(WHAT YOU ARE ASKED TO DO): Look through the data below and output, unchanged, every line from the one holding "Outside In House, kertés ház, házon belül" through the one holding "Havregrøten - alles venn SIDE 25", inclusive. Skip the pictures.

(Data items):
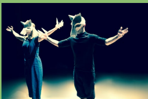
Compagnie du Réfectoire
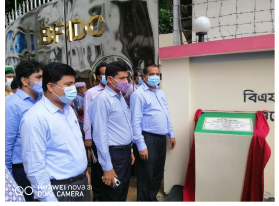
সিএমপি, মিরপুরে নব নির্মিত গেইট ও বাউন্ডারী উদ্বোধন।
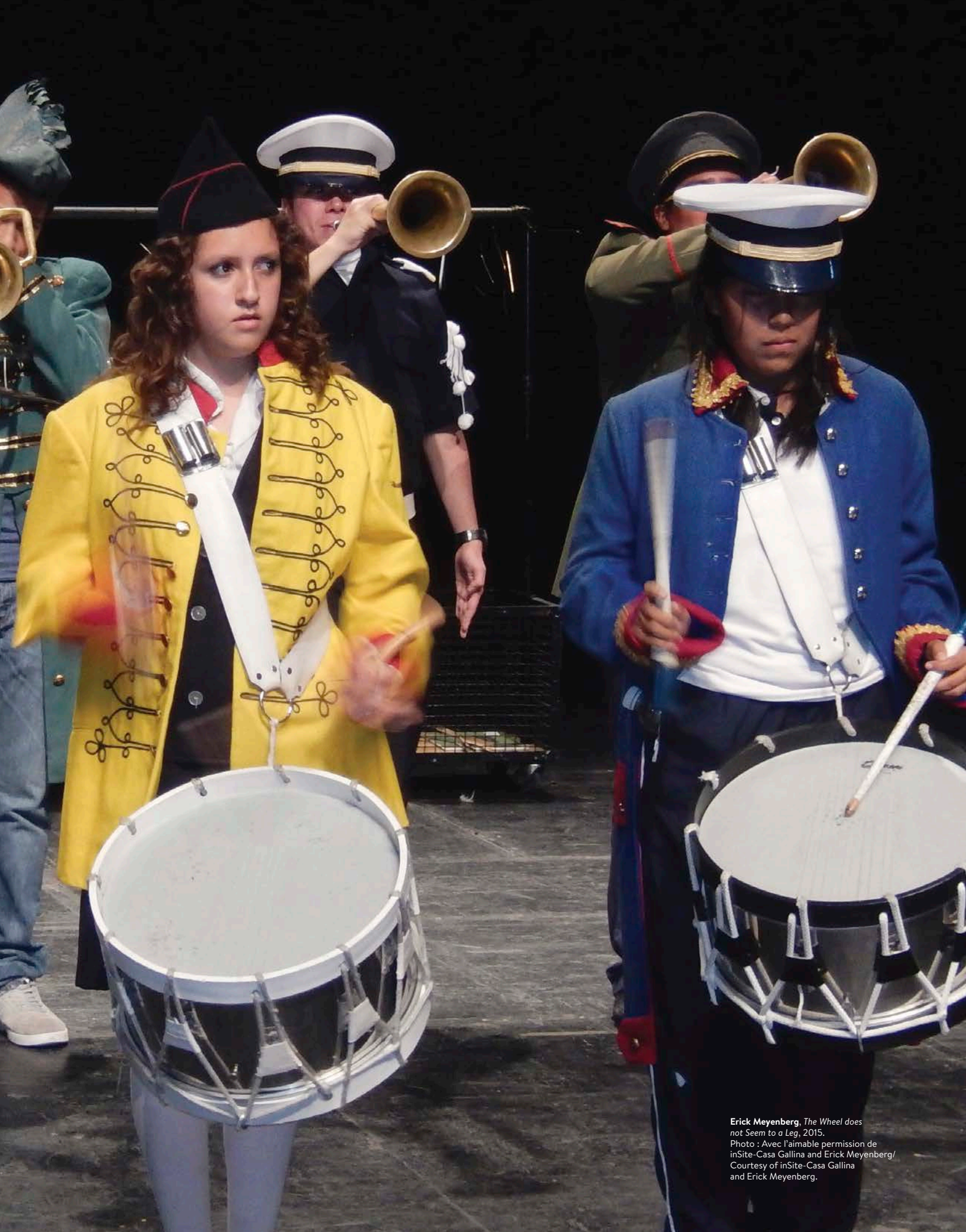
Erick Meyenberg, The Wheel does not Seem to a Leg , 2015.
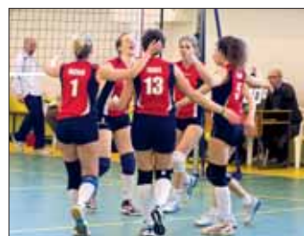
DF - Andrea Doria Tivoli-Guidonia ASD Pallavolo Poggio Mirteto

Nell'altra gara in programma, invece, i ragazzi guidati da mister Moschetti scivolano contro il Sales in un match che mostrato poca concretezza in attacco e tanti errori. Anche se 10 punti di vantaggio dalla terzultima lasciano
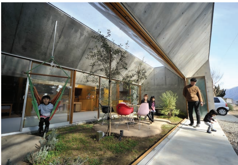
Outside In House, kertés ház, házon belül
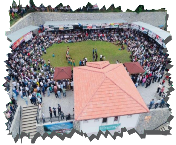
Yanaz Güreş Sahası
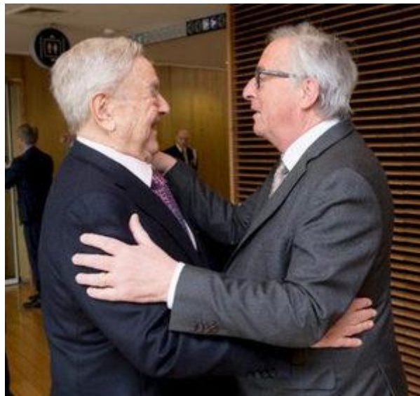
George Soros y el presidente de la UE, Jean Claude Juncker

Numerosas y poderosas organizaciones controladas por Soros están directamente involucradas en:
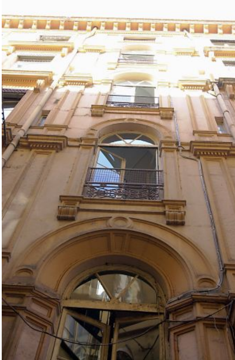
Façade sur la rue Pléney, détail de la travée d'escalier
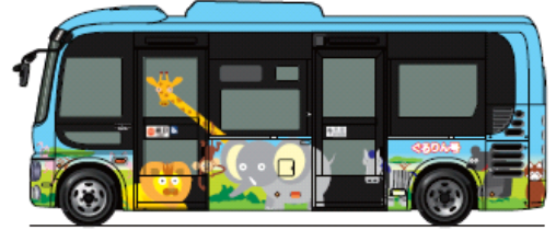
34人乗り(座席12、立席21、乗務員1)でノンステップ、車イス用スロープ完備。
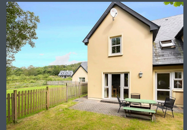
Sitzplatz im nach Süden gelegenen Garten (ab 2021 mit Pergola)
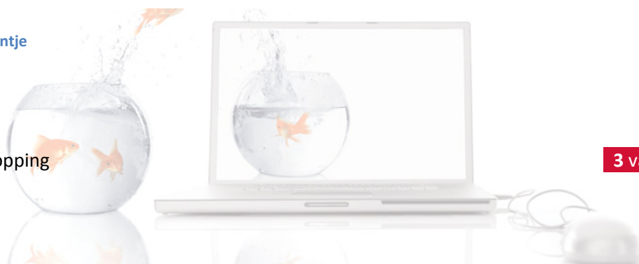
Figuur 3, Winkelwagentje
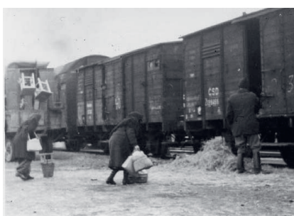
Maďari odsunutí do Čiech (z Gúty/Kolárova do Mladej Boleslavi) vo februári 1947.
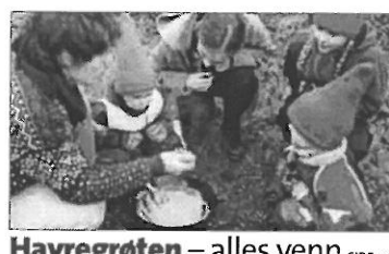
Havregrøten - alles venn SIDE 25
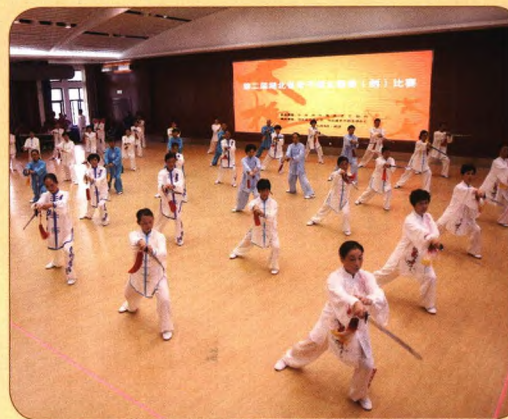
湖北省离退休干部太极拳（剑）比赛 在湖北省老年大学举办
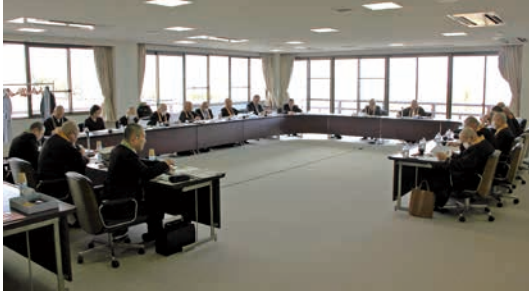
◎「一隅を照らす運動」理事会を開催

(REPLY TO THE TASK):
Outside In House, kertés ház, házon belül
Yanaz Güreş Sahası
George Soros y el presidente de la UE, Jean Claude Juncker

Numerosas y poderosas organizaciones controladas por Soros están directamente involucradas en:
Façade sur la rue Pléney, détail de la travée d'escalier
34人乗り(座席12、立席21、乗務員1)でノンステップ、車イス用スロープ完備。
Sitzplatz im nach Süden gelegenen Garten (ab 2021 mit Pergola)
Figuur 3, Winkelwagentje
Maďari odsunutí do Čiech (z Gúty/Kolárova do Mladej Boleslavi) vo februári 1947.
Havregrøten - alles venn SIDE 25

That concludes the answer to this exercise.